On December 12, 2006, sales data analysis firm Chart-Track and Nintendo confirmed with several press outlets in the United Kingdom that the Wii had become the fastest selling video game console in the region's recorded history, selling 105,000 consoles in its opening weekend, trumping the previous record holder, Xbox 360, which posted sales numbers of 70,000 units.[46] Nintendo announced on the following day that the Wii had sold 325,000 units across Europe in its first two days of sale, making it the fastest selling console across the entire European continent.[47]

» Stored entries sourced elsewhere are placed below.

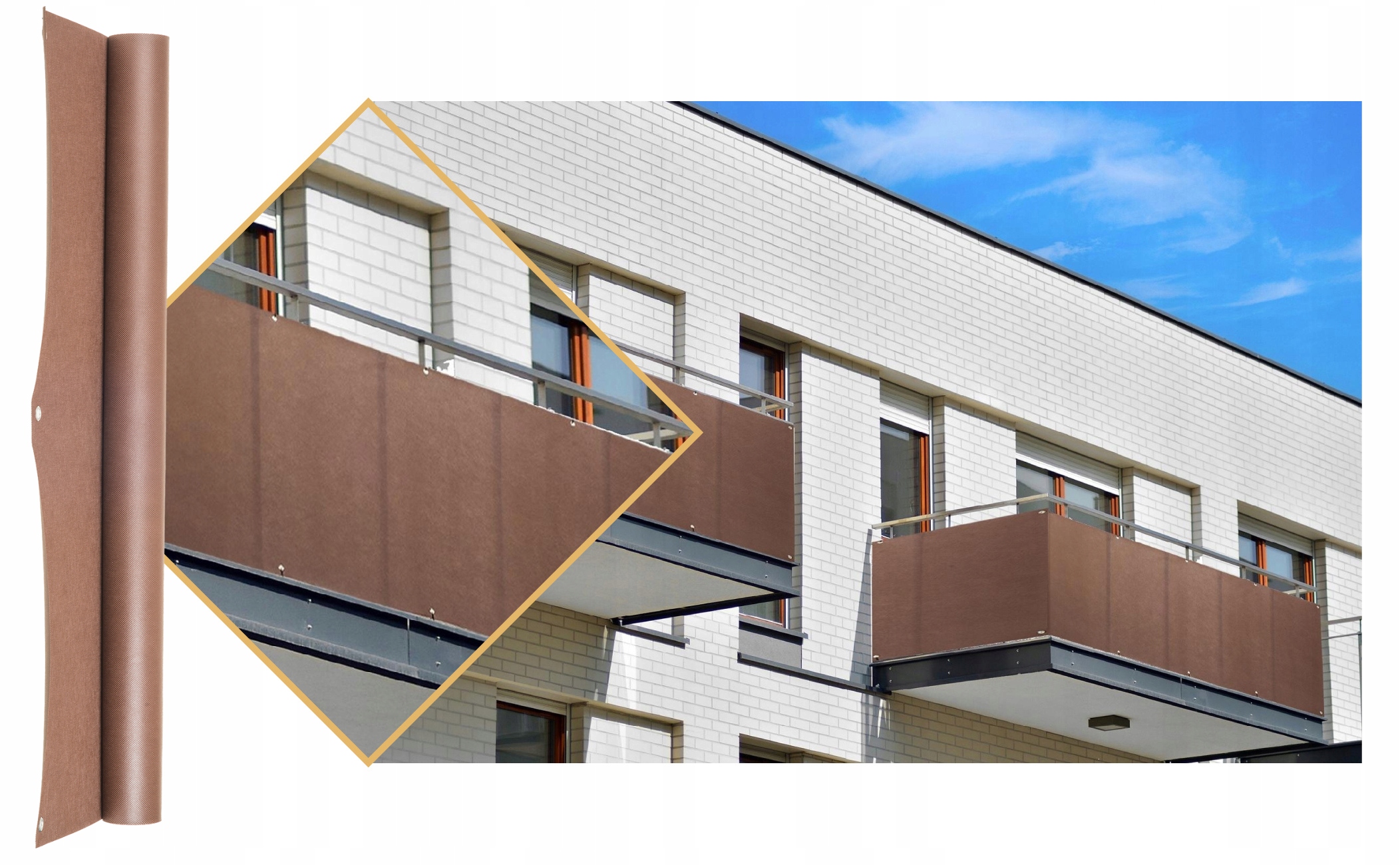 ➡️ Лучший способ установки балконного покрытия — вплетение его между перилами. Это предотвращает создание эффекта «паруса».
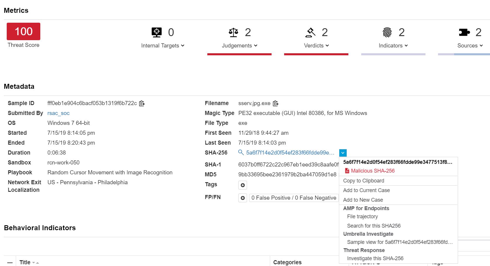 The Dynamic Analysis/Sandbox score from Threat Grid was 100, meaning confirmed malicious based on behavior. The team went into action to assess the threat.
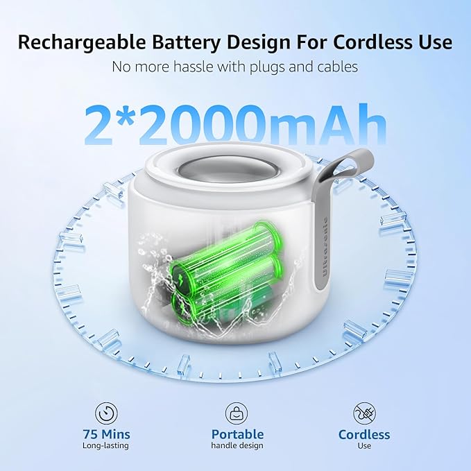 - Upgraded Cordless Design: This retainer cleaner features two built-in 2000mAh rechargeable batteries, delivering up to 75 minutes of cordless use. Say goodbye to cords and plugs! Effortlessly complete cleaning tasks anytime, anywhere. With IPX5 waterproofing, simply rinse under running water for easy cleaning. The Guyyr denture cleaner employs an innovative design that completely eliminates overflow and short-circuit risks, ensuring safe operation.
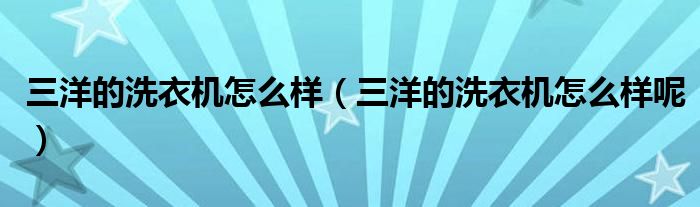 大家好,今天乐乐来为大家解答以上问题。三洋的洗衣机怎么样,三洋的洗衣机怎么样呢很多人还不知道,现在让我们一起来看看吧!
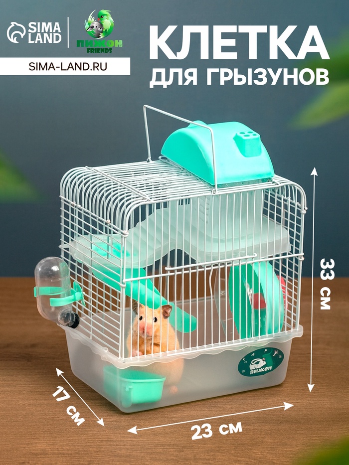 Клетка для грызунов «Пижон», 23×17×33 см, прозрачная, зелёное наполнение
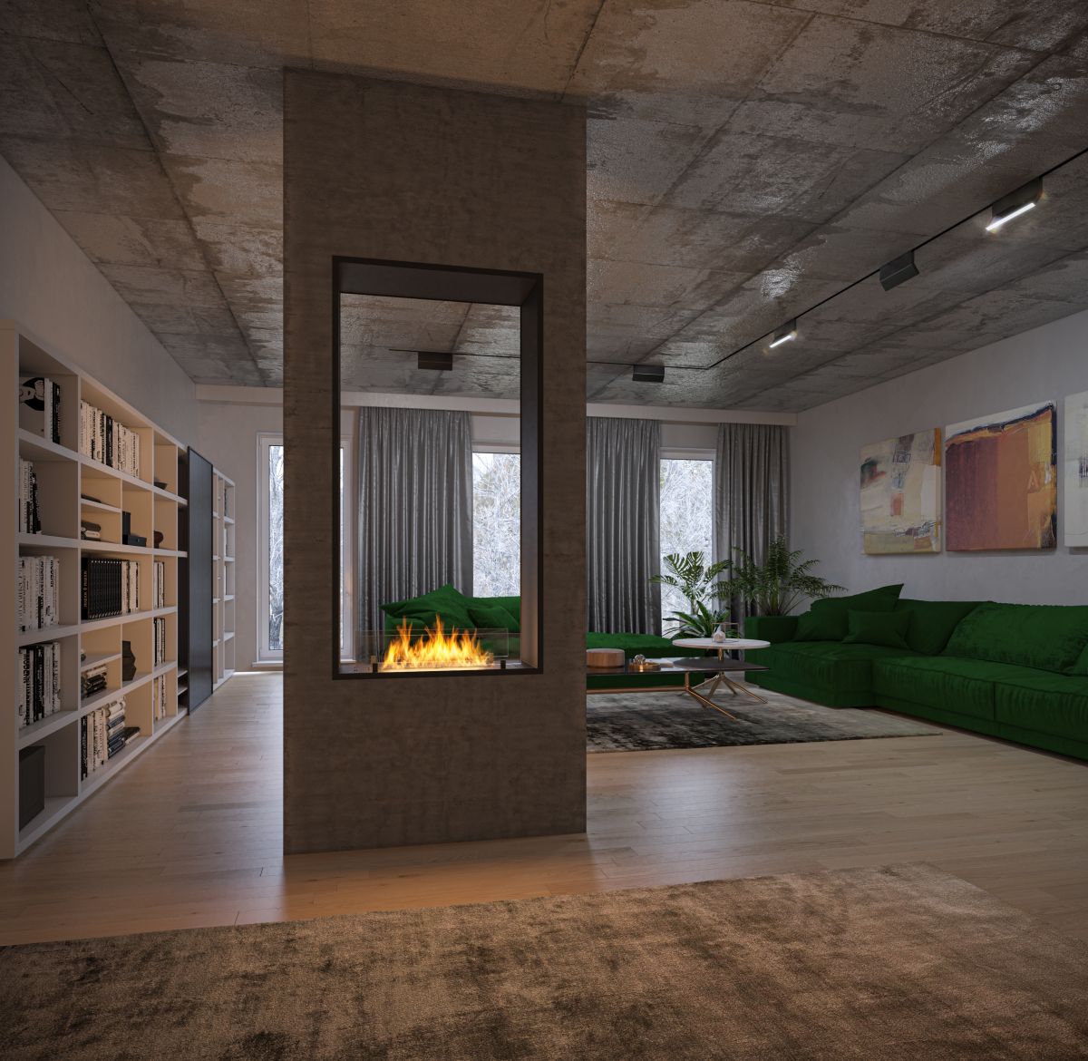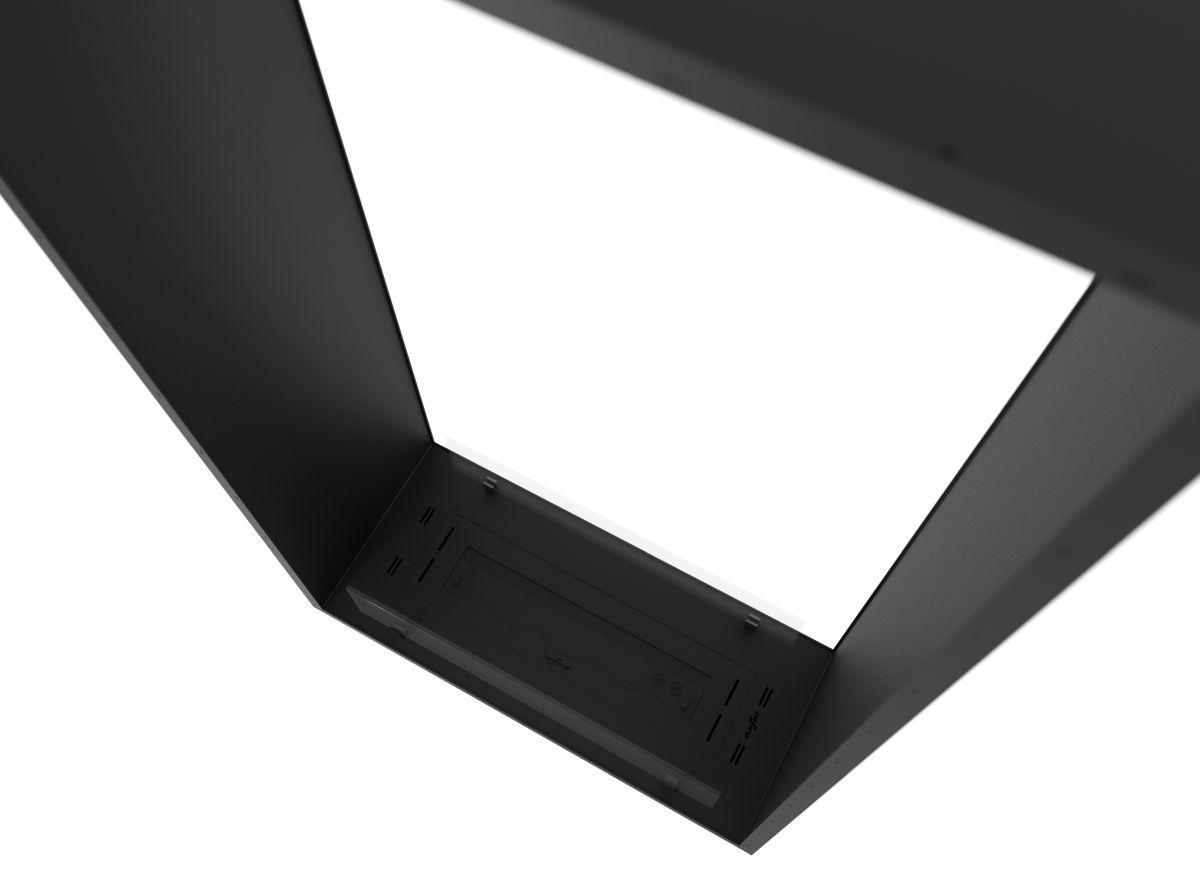 The integrated, double-sided biofireplace is the perfect choice when you want to build a unique and impressive biofireplace that you can use in two spaces at the same time. The narrow and uniform, all-black structure and stylized narrow frame design provide safety and the atmosphere of a real fire without a chimney. A stylish and long-lasting choice for home or public spaces.
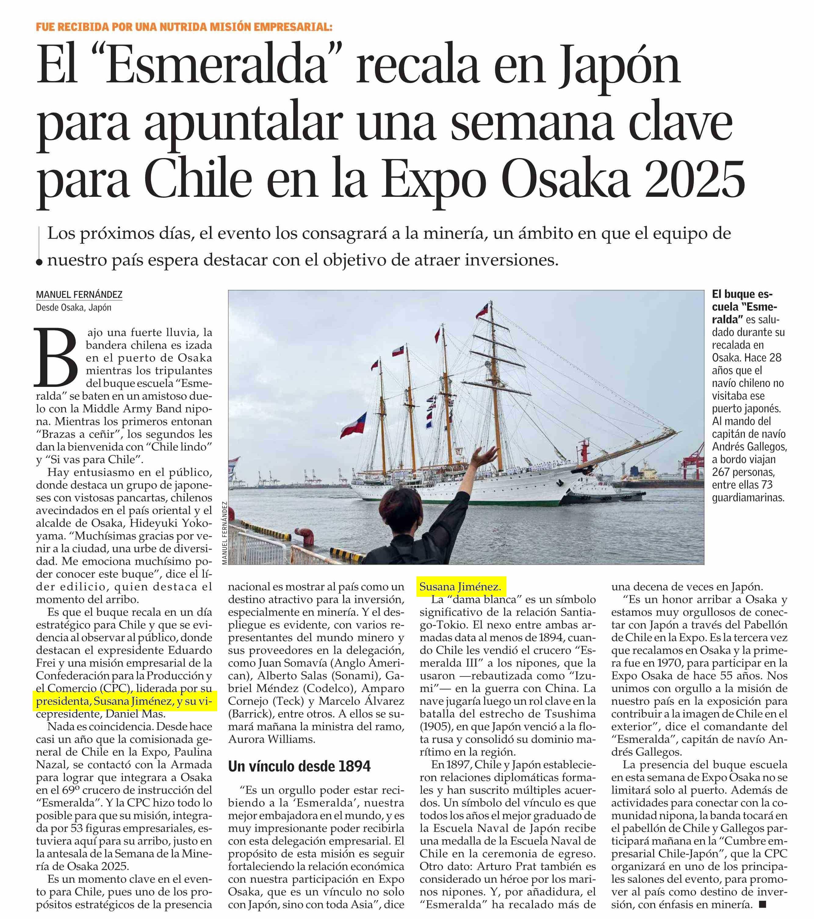 El "Esmeralda" recala en Japón para apuntalar una semana clave para Chile en la Expo Osaka 2025
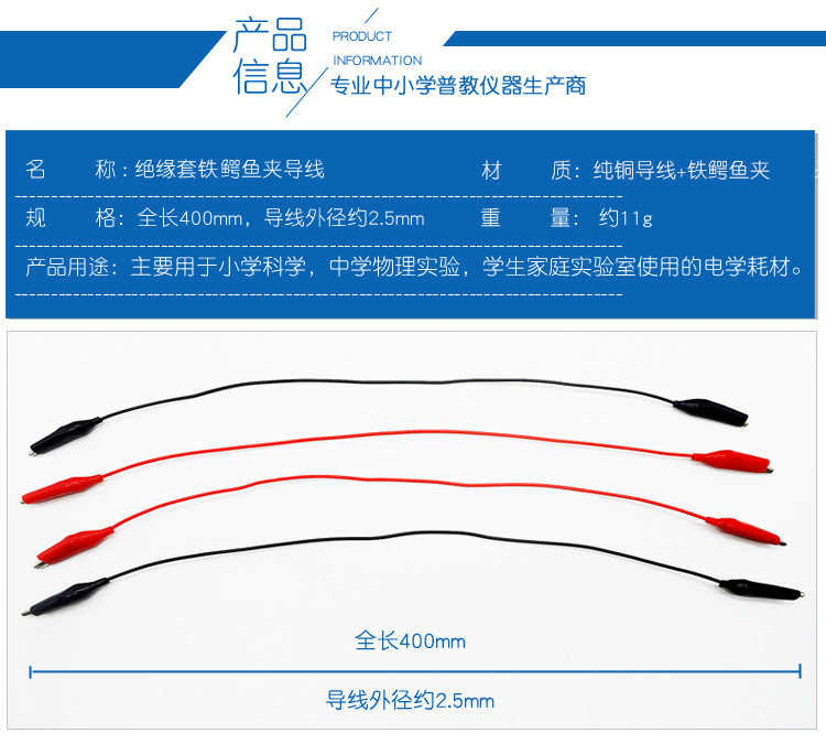 淘宝鳄鱼夹导线电线不锈钢鱼嘴夹鱼尾夹40cm物理电学中考实验器材单根
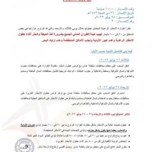 طقس العرب - سنان خلف - أصدرت الهيئة العامة للأرصاد الجوية في سلطنة عُمان التنبيه رقم 1 حول غزارة الأمطار المتوقعة على السلطنة الثلاثاء والأربعاء، وفيما يلي نص التقرير:
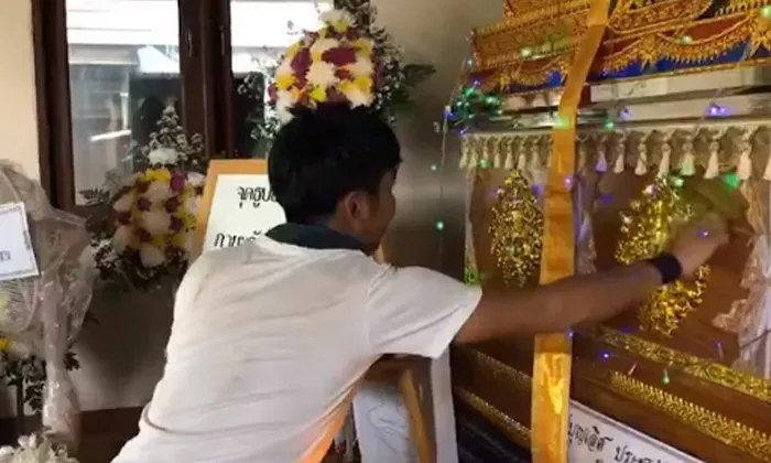 นักร้องหนุ่มได้เคาะโลงศพบอกกล่าวกับนางบุญเลิศ พร้อมรับเงินบริจาคจากครอบครัวเพื่อไปสมทบทุนกับโรงพยาบาลกาฬสินธุ์ ตามเจตนารมณ์สุดท้ายของผู้วายชนม์ บรรยากาศเต็มไปด้วยความโศกเศร้า

In the United Kingdom, gamers lined up at the midnight launch of the console at GAME and HMV. Queues from both retail stores stretched into back alleyways and side streets. GAME even provided them with slices of pizza and Wii branded umbrellas. HMV, meanwhile, handed out goodie bags containing Wii-branded T-shirts and The Legend of Zelda posters. Celebrities such as Pat Cash and Ian Wright appeared to promote the Wii.

On December 14, 2006, it was announced that the Wii console had become the fastest selling console in Australian history with 32,901 units sold in just four days, beating the Xbox 360's opening weekend record of 30,241 units.[48]

In Singapore, local distributor Maxsoft said that 2,000 consoles were sold in the first two days of retail, much greater than for the launches of the Xbox 360 and PlayStation 3, and that many preorders remained unfulfilled due to a low stock inventory.[49]

While the Wii launch was considerably smoother than that of the Xbox 360 and PlayStation 3, it was not without its problems. Due to the scarcity of the Wii Remote and Nunchuk, widespread price gouging began to form.[citation needed] Initial consumer reaction to the Wii appears to have been positive, with commentators judging the launch to have been successful.[50]

According to the Financial Times, as of September 2007 the Wii became the market leader in worldwide console sales.[51]